Municipal-level validation and accuracy assessment of the rice mapping products. (a) Correlation coefficients between NECAR and three reference products (PRA, NETCs-30m, and NETCs-10m) at the municipal scale from 2000 to 2021, reflecting temporal agreement and spatial consistency. (b) Annual Overall Accuracy (OA) of NECAR and reference PRA (500 m), NETCs-30m, and NETCs-10m.

To comprehensively evaluate the classification accuracy of rice mapping products, we also constructed annual ground reference datasets from 2000 to 2021, which were consistent with the temporal coverage of existing products (The annual distribution and total number of truly ground sample points were shown in the Supplement Figure S11). These reference samples were generated through visual interpretation of remote sensing imagery, supported by high-resolution Google Earth images, and validated using long-term ground survey data collected during the period from 2017 to 2021. Based on these annually updated ground samples, we assessed the classification performance of NECAR as well as three existing products with different spatial resolutions. In the main text, we present the Overall Accuracy (OA) for each product and year (Fig. 9), while additional accuracy metrics—including the Kappa coefficient, User’s Accuracy (UA), and Producer’s Accuracy (PA)—are provided in the Supplement Table S2. NECAR consistently outperformed or matched the classification accuracy of the three existing rice mapping products across all evaluated years. Specifically, NECAR exhibited the highest Overall Accuracy (OA) in most years, indicating its robustness and generalization capability over time. In terms of spatial resolution, NETCs-10m showed advantages from 2017 to 2019 due to its finer granularity, but NECAR maintained a more stable performance across the fulltime span. The Kappa coefficients, UA, and PA metrics (Table S2) further confirmed NECAR’s superior balance between commission and omission errors, highlighting its reliability in capturing both rice presence and absence. These findings collectively validate NECAR as a highly accurate and temporally consistent product for annual paddy rice mapping in the study area.

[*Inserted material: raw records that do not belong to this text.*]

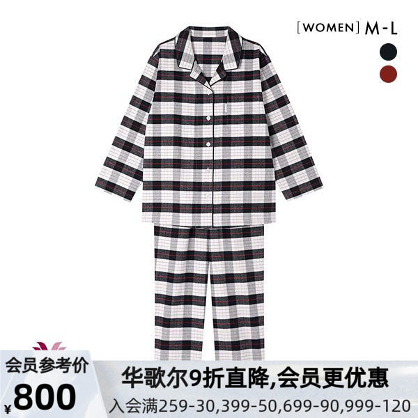 日本华歌尔Wacoal睡衣套装女纯棉双面拉毛保暖秋冬长袖长裤居家服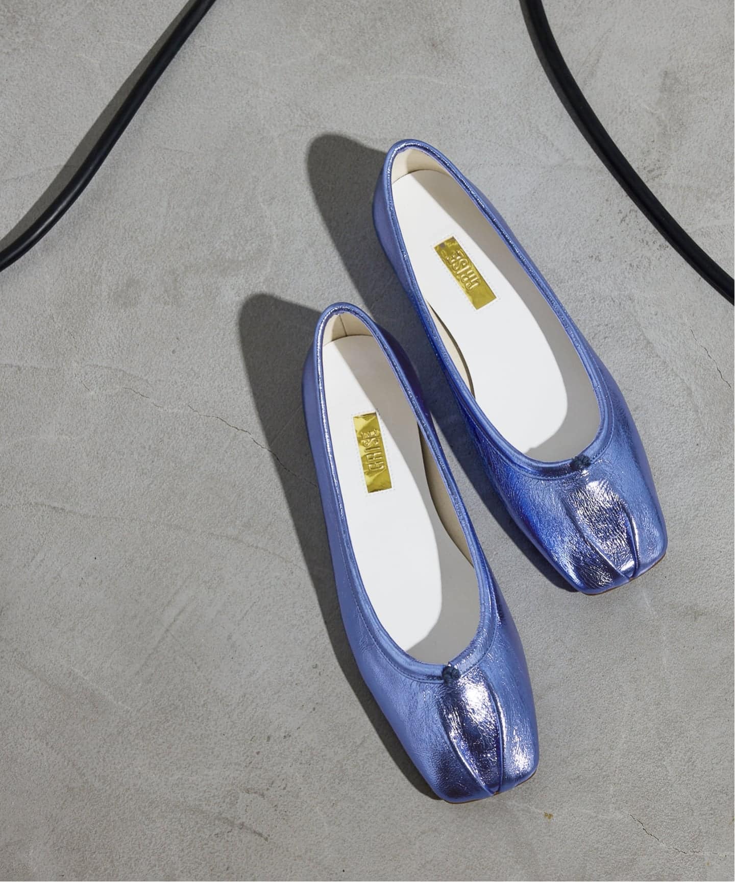 トウ先に1足1足手作業でプリーツを施したフラットシューズ。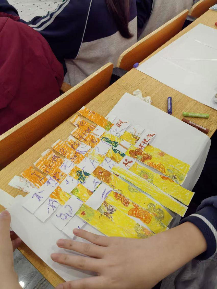 刘老师随后提出问题:“如果用两幅画记录最近的积极与消极情绪,再将其撕碎、交叉、重组,新作品会揭示什么?”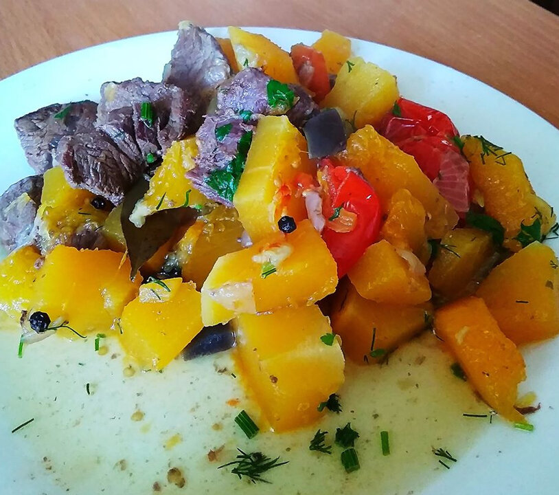✅ Зелень. Телятину слегка (!) обжарить, выложить в сотейник, залить водой со специями. Тушить 30 минут. Добавить тыкву, лук, перец болгарский, помидоры. Посолить. Тушить ещё 30 минут. Подавать с зеленью. Приятного всем аппетита! Больше общения и рецептов - в группе "Рецепты для диабетиков" в Facebook, или в группе ВКонтакте! Рецепт на странице в Facebook Автор рецепта - Оксана Щеголькова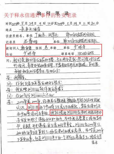 释正义披露更多举报材料,曝光释永信及“与释永信通奸女人”的公安笔录。文中记录了释永信向郑州市公安局反映刘姓女子敲诈他的情况。图片由举报人释正义提供。

We also compared five locations in 2004, 2010, 2013, 2017 and 2019 to show the differences among the four datasets (Fig. 10). Overall, our rice patch is more elaborate and captures subtler differences in contrast to PRA. Furthermore, our map is more in line with the rice distribution extracted from NETCs-30m and is even more precise. In comparison with NETCs-10m, it could potentially be slightly coarser due to the dissimilar resolutions of Landsat and Sentinel-2. The details of our 2022 rice classification products were shown in Fig. 11.

Fig. 10
figure 10

Visual comparison of four rice datasets (NECAR, PRA, NETCs-30m and NETCs-10m) with Google Earth high-resolution imagery across five locations (Columns 1–5). The top row shows the location and high-resolution reference imagery. The subsequent four rows correspond to a specific dataset. Blank cells represent unavailable data.

Fig. 11
figure 11

The spatial details of rice map in 2022.